Addressing the Challenges of Real-Time Data Sharing
While conventional data warehouses and data lakes have become common practice for analytics workloads, they don’t solve the broader enterprise problems of sharing real-time operational data among departments or across companies. This three-part series explores the challenges and solutions that arise when integrating business data across different applications, clouds and organizations in a modern IT stack.
- Part 1 highlights the challenges of real-time data sharing, discusses operational vs. analytical data, and legacy solutions and their limitations.
- Part 2 defines the real-time data mesh and discusses the key tenets for incorporating them into modern IT stacks.
- Part 3 focuses on what’s needed to effectively evaluate real-time data-sharing solutions.
Canyon Spanning — The Foundational IT Challenge
One of the most enduring and foundational challenges for IT professionals regardless of their organization’s size or industry is getting data where it belongs. Computing and other types of workload processing, critical as they are, can’t even be contemplated if the data that drives them isn’t readily available. And while this problem has existed in some fashion since the emergence of commercial digital computing in the 1950s, structural trends — including SaaS-style applications, the emergence of public clouds and the commensurate need for multicloud strategies, and the increasingly complex, globe-spanning nature of business partnerships — have massively increased the scale and complexity of these data-sharing and “canyon-spanning” problems.
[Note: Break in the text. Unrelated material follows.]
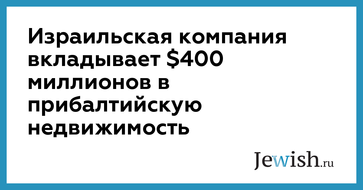 Израильская компания вкладывает $400 миллионов в прибалтийскую недвижимость

These “canyons” can take many forms in a modern IT stack:
- Multiple clouds — Whether through an explicit multicloud strategy or implicitly through years of M&A activities, companies are rarely “all in” on a single public cloud in perpetuity. Rather, the desire to be able to select best-of-breed solutions at a service level and the fact that partners and subsidiaries often cross cloud boundaries means that dealing with different clouds is essentially a given. Along with that realization comes the challenge of managing data transfer fees, multiple authentication and authorization techniques, and all the inherent security and infosec challenges inherent in any cross-cloud data-sharing approach at scale.
- Multiple departments and companies — Sharing data across multiple organizations within a company as well as sharing data with business partners such as suppliers, logistics providers, joint manufacturers, distributors, SaaS vendors and others is a large and growing challenge for IT professionals. These different parties also present “boundaries” through varying security policies, assurance and regulatory programs, leading to the need for complex access controls, governance requirements and auditing regimes. Whether truly “decentralized” or not, creating a single source of truth among these parties is a significant IT challenge that only grows as data flees on-premises data centers and the control of central IT teams, heads toward SaaS vendors and spreads across partners and clouds.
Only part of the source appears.